Further research is needed to assess the energy consumed as a consequence of increased digitalisation. This acquires even more importance as the transition towards telework and telelearning has been clearly boosted by the COVID-19 pandemic but it is also a trend that many expect to last.

More in-depth analysis and understanding is required to estimate the energy consumed to avoid future spread of infectious diseases in operating buildings as a consequence, for example, of stricter ventilation requirements. Increasing ventilation rates might increase heating and cooling loads, especially in extremely hot or cold seasons. If the existing buildings’ capacity is limited, temporary solutions might be adopted including space heaters and portable air filtration systems. In some cases, budget restrictions for system upgrades may make temporary solutions permanent.

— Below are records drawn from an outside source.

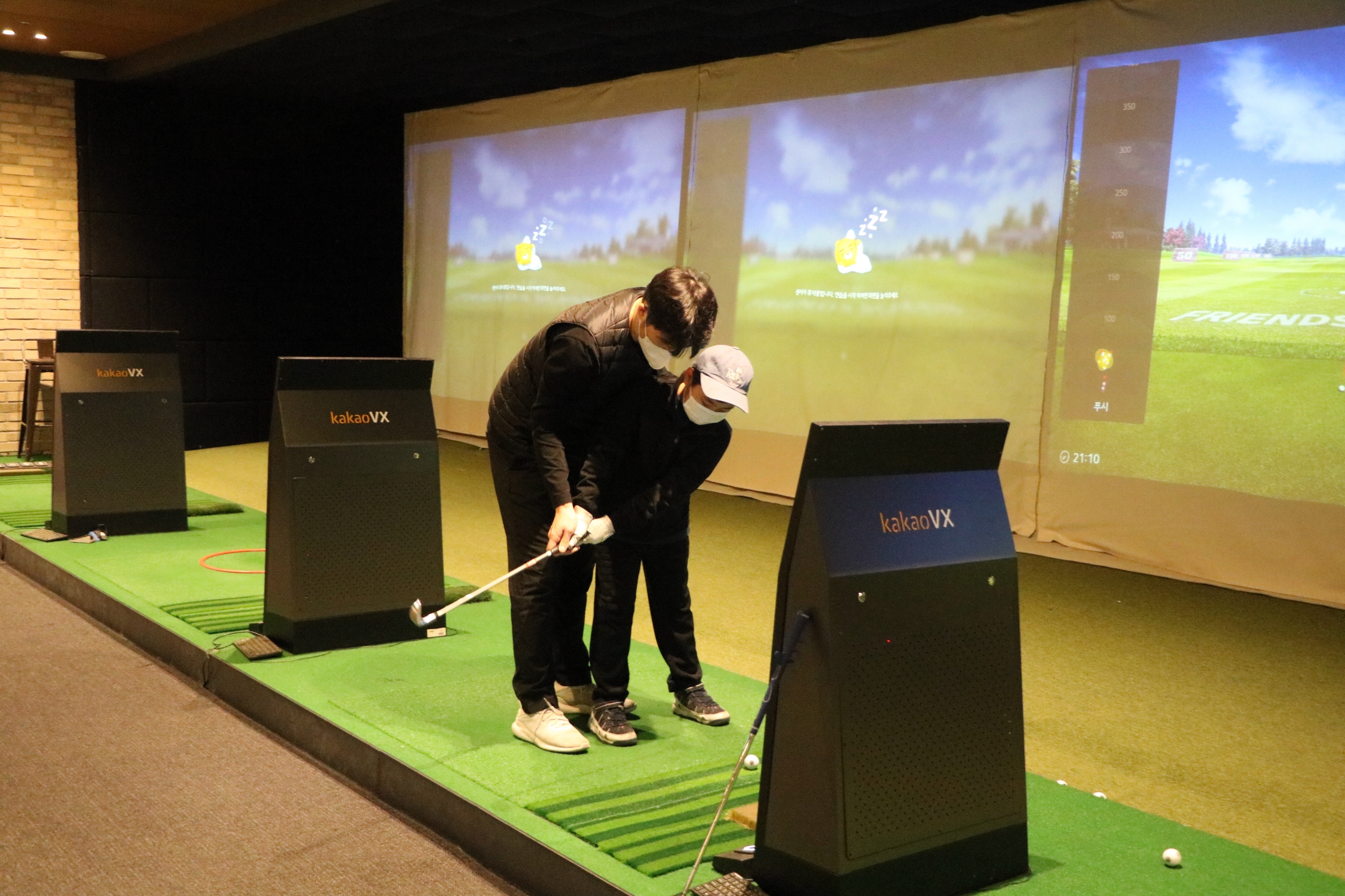테이크백 시 올바른 스윙궤도에 대해서 설명해 주고 있는 모습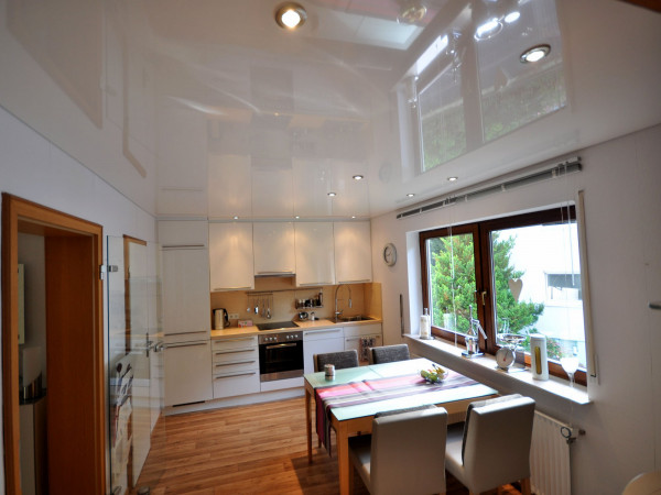 Выбирая качественное, долговечное и при этом привлекательное потолочное покрытие в коттеджи, стоит обратить внимание на натяжные высококачественные потолки. Они отличаются высокой прочностью и износостойкостью. Такие полотна станут дополнительной защитой для тех случаев, если крыша протечет – материал потолков сможет выдержать нагрузку до 100 л/м2. Это поможет сохранить в целости остальные элементы декора, мебель, аксессуары. Полотна потолков окажутся устойчивыми к воздействию влаги, благодаря чему их можно смело устанавливать в ванных комнатах или на кухне, а не только в жилых помещениях.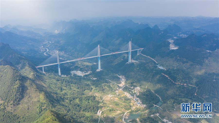 這是9月25日無人機拍攝的平塘特大橋。新華社記者陶亮攝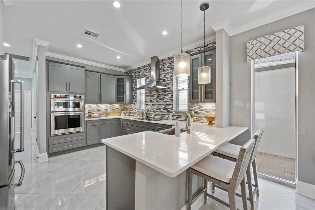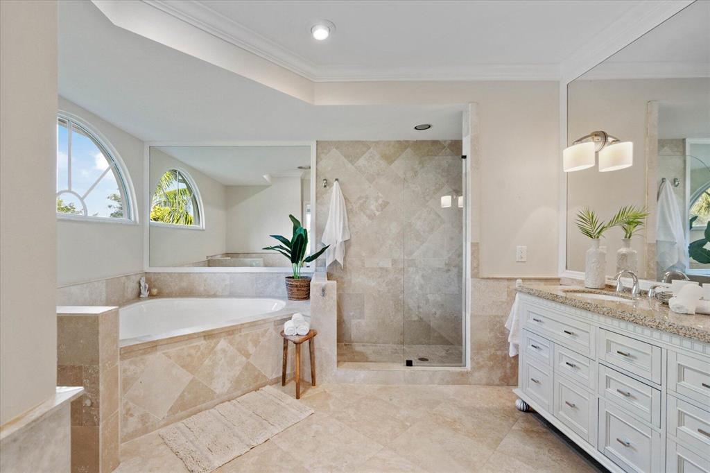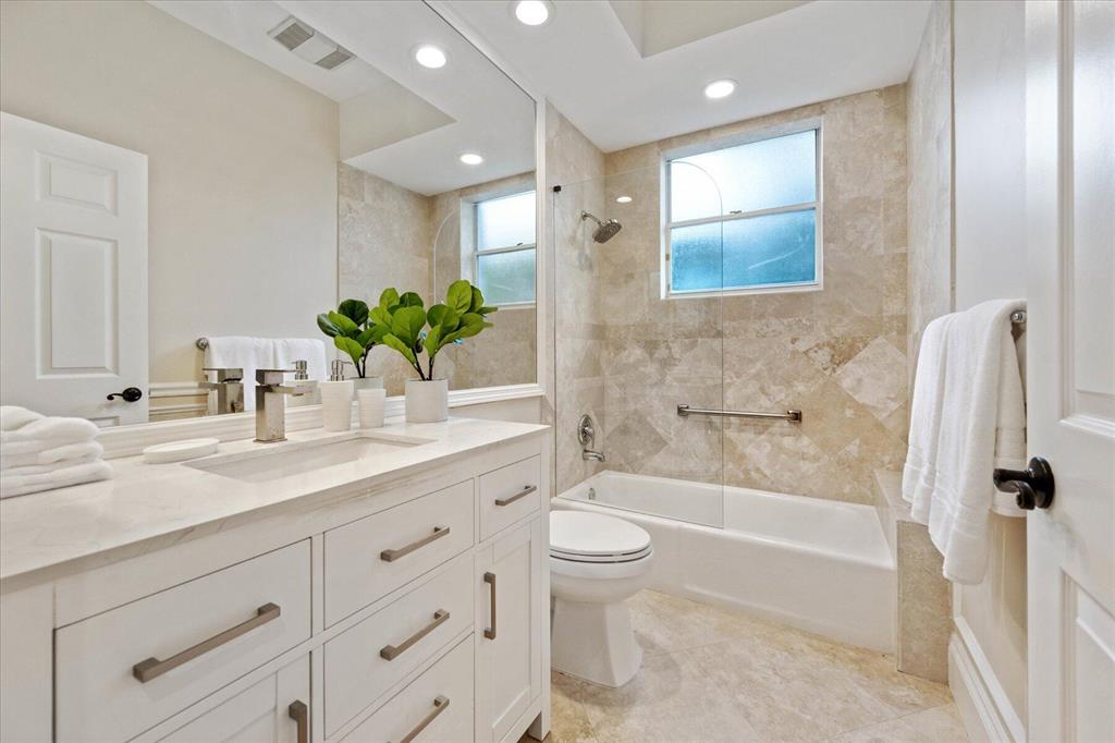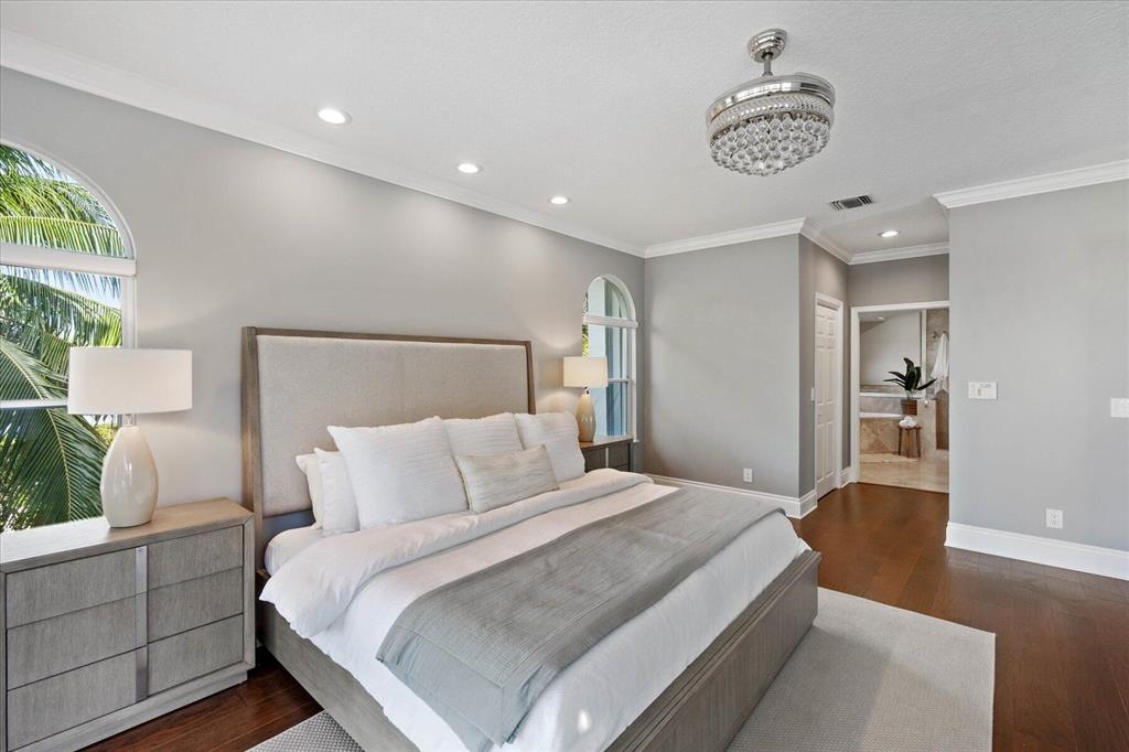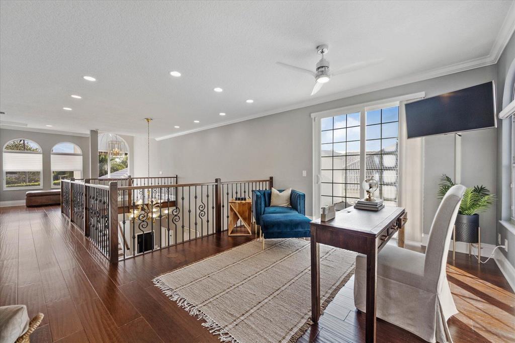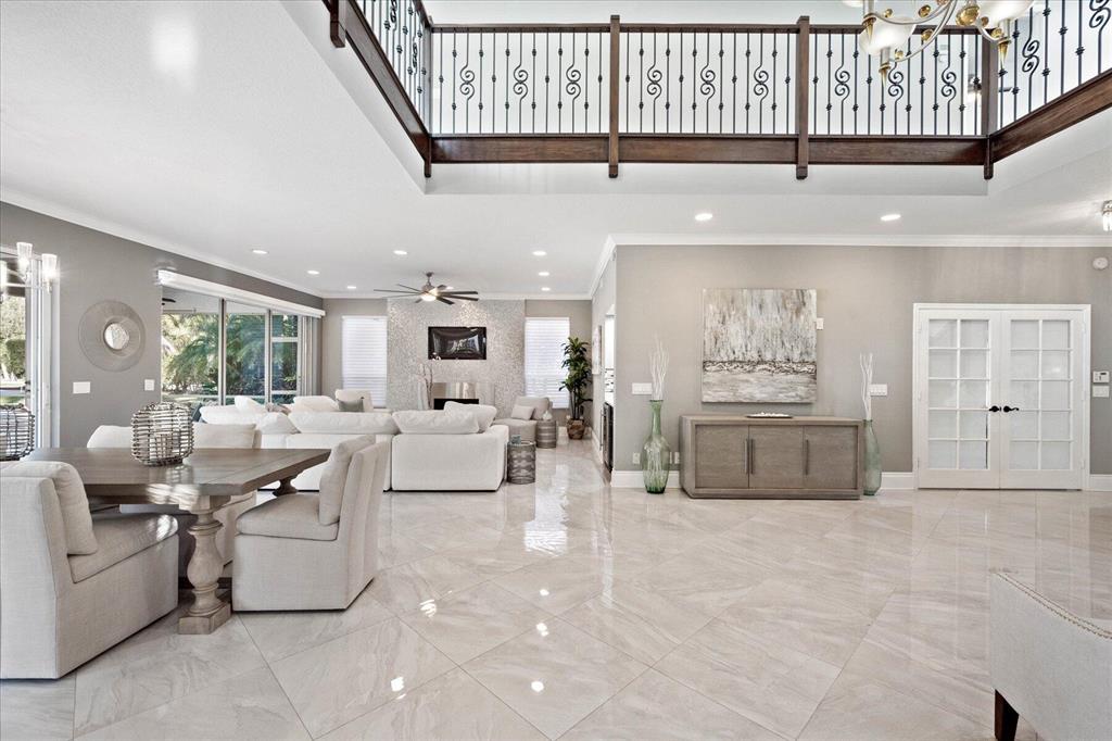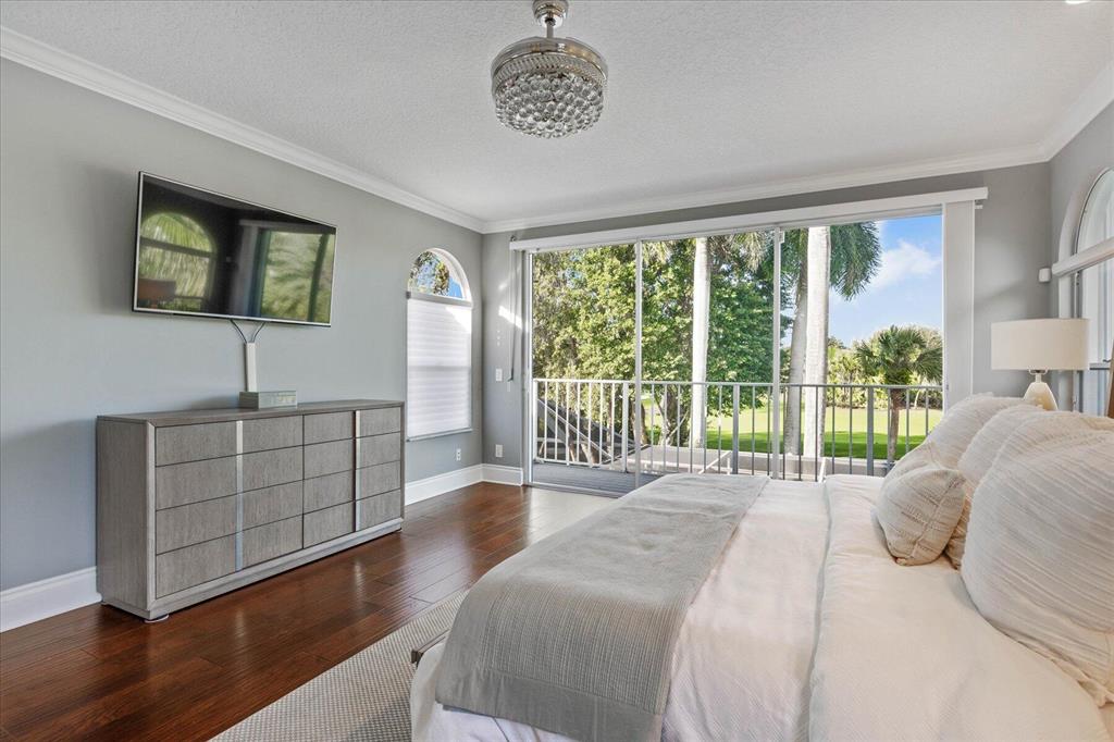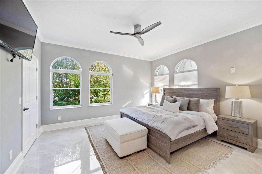 Just what you have been waiting for... Elegant & sophisticated 3 Bedroom+Loft, 3.5 Baths home with sweeping golf course views in sought-after gated community of Breakers West in West Palm Beach. Located on hedged cul-de-sac street, this home boasts manicured landscaping, Royal Palms as well as other specimen palms all high-lighted by landscape lighting. The contemporary interior finishes in this 2-story home will immediately catch your eye with its porcelain tile floors on the 1st floor, wood floors upstairs and high ceilings. The Great Room features fireplace with mosaic tile surround, wet bar and wall of sliding doors opening to a gorgeous screened outdoor entertainment patio with marble stone deck & outdoor grill/bar area. The 10' x 35'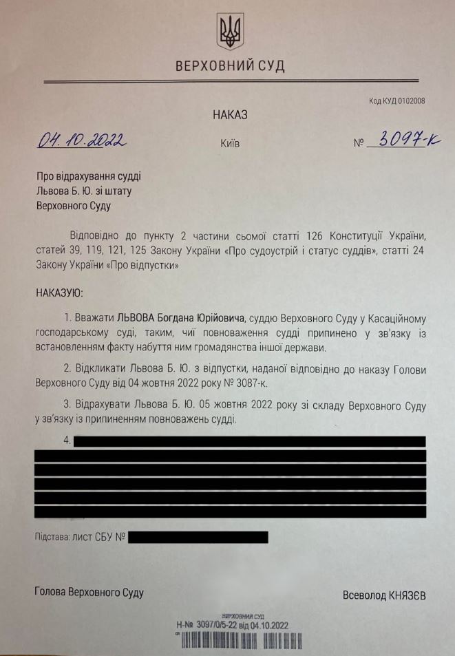 Дослівно: "Голова Верховного Суду Всеволод Князєв відрахував суддю Богдана Львова зі штату Верховного Суду".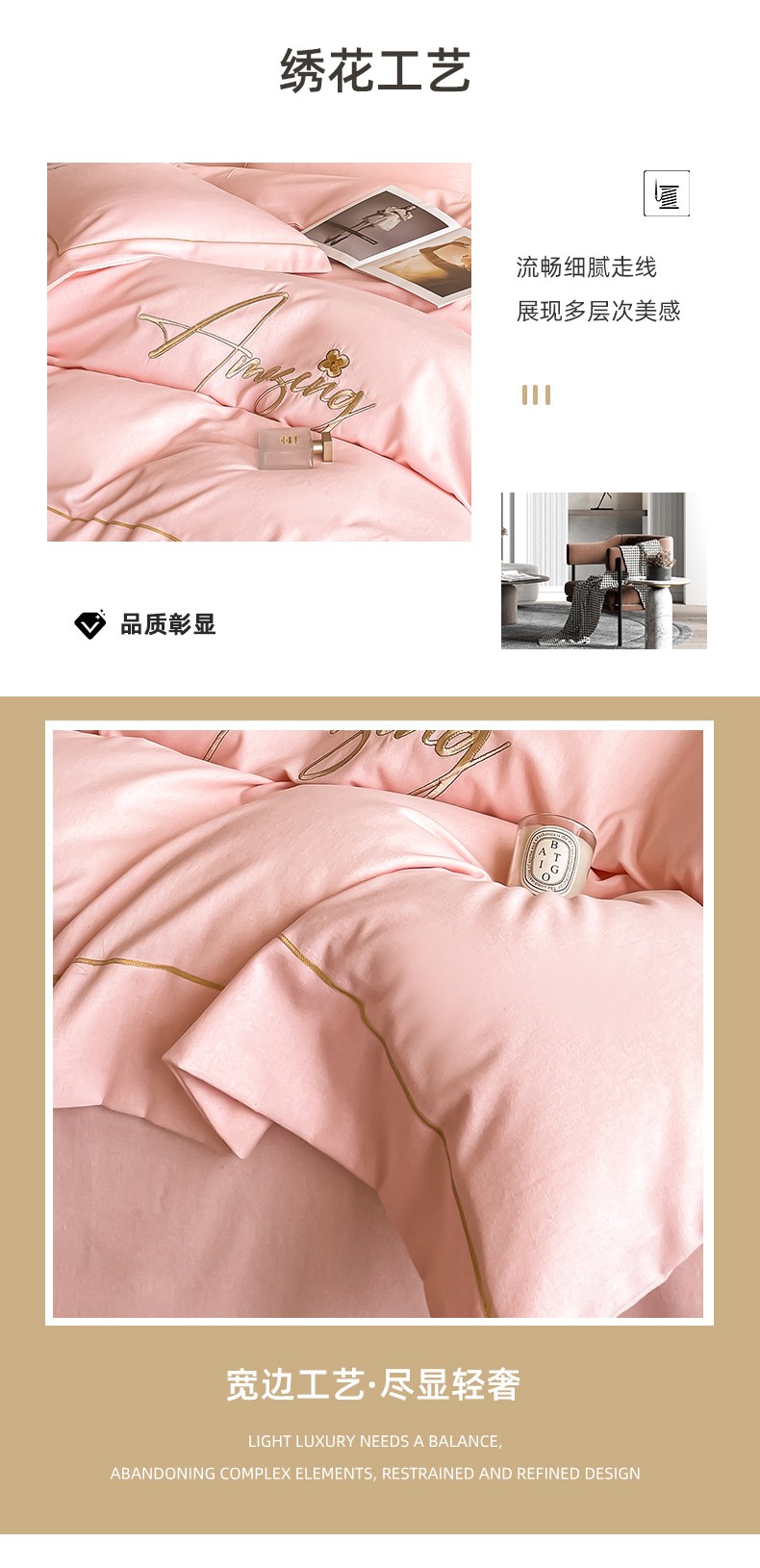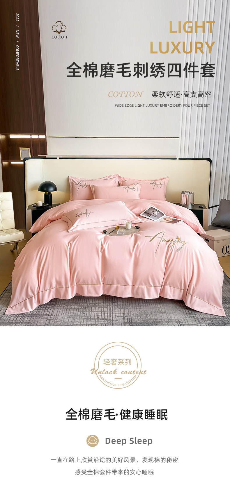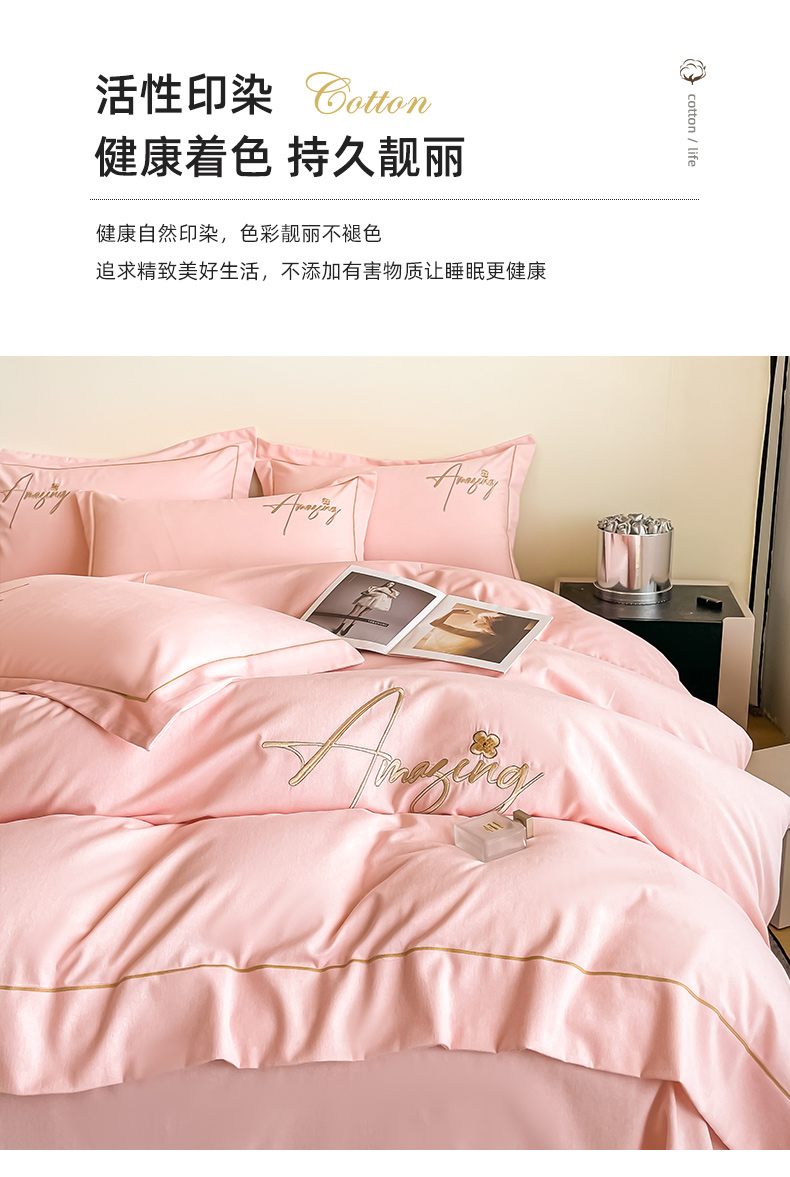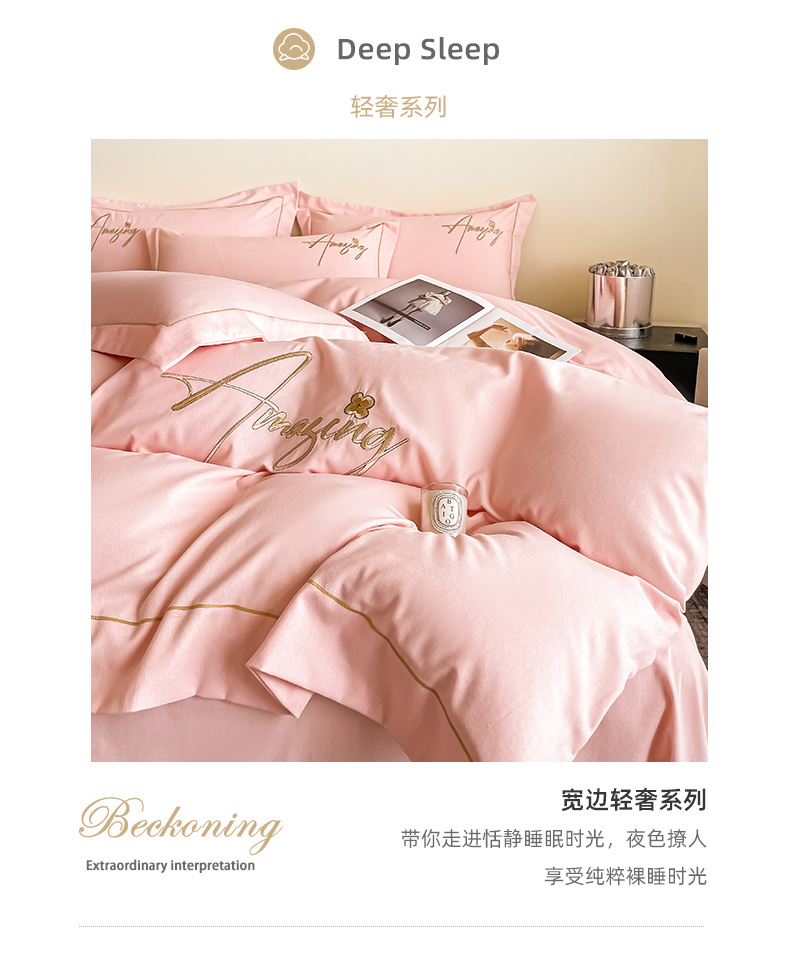 梧桐家居 2023新款全棉磨毛刺绣四件套 浅粉

On another level, and although teleworking has been widely perceived as a more sustainable mode of working or studying compared to the status quo of commuting to centralised buildings [27], the situation is far more complex when the scope is expanded to include home office energy use.

Declaration of competing interest

The authors declare that they have no known competing financial interests or personal relationships that could have appeared to influence the work reported in this paper.